My understanding of the qualifying offer is that the Royals get the same pick regardless.
Rules:
- If you sign a player who holds a qualifying offer, you surrender your first round pick, unless you have a pick in the top 10, in which case you would surrender your second pick (whether second round, a comp pick or a competitive balance pick).
- The surrendered pick simply vanishes. Everyone behind it moves up a spot.
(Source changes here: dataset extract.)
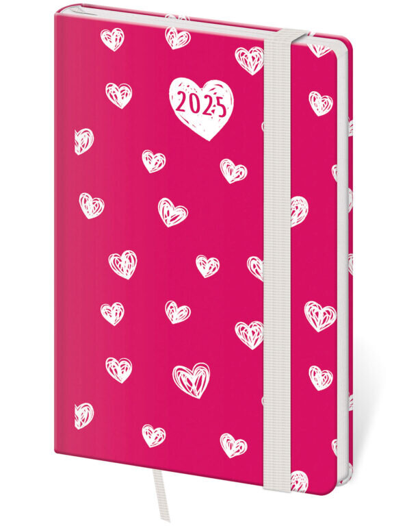 Diář 2025 Vario týdenní kapesní Hearts s gumičkou

For example, the Orioles' 17th pick would cease to exist, and the Royals would actually move up from the 18th pick in Round 1 to the 17th pick.
- The team that lost the player gets a compensation pick AFTER the first round but before the competitive balance round.
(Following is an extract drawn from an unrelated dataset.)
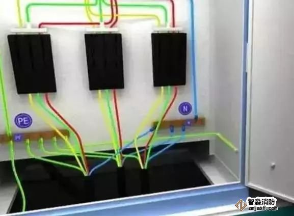 6、黃、綠、紅三相線分別從分配電箱的分路隔離開(kāi)關(guān)引出,從N板接線端子引出淡藍(lán)色的工作零線,從PE板接線端子引出黃綠雙色保護(hù)零線。

So, how does this break out for KC?
If the Orioles sign Ervin Santana, KC will get:
Pick No. 17 in Round 1 (assuming none of the 4 teams in front of them sign another player with a QO, like Kendrys Morales, Nelson Cruz, Stephen Drew)
Pick No. 34 (Comp Round pick - for Santana - could slide down if more QO guys are signed)
Pick No. 39 (Competitive Balance pick - could slide down a few slots as QO guys are signed)
Pick No. 57 (round 2 pick - could slide up if someone like the Mariners - who have a protected round 1 pick - signs Nelson Cruz or Stephen Drew)
Four picks in the top 60 is pretty sweet. Lot of money to play with in the draft.
Here's a link to the current
draft order.
I would feel bad for Erv if he ends up in Baltimore. Not a good fit for him, at all.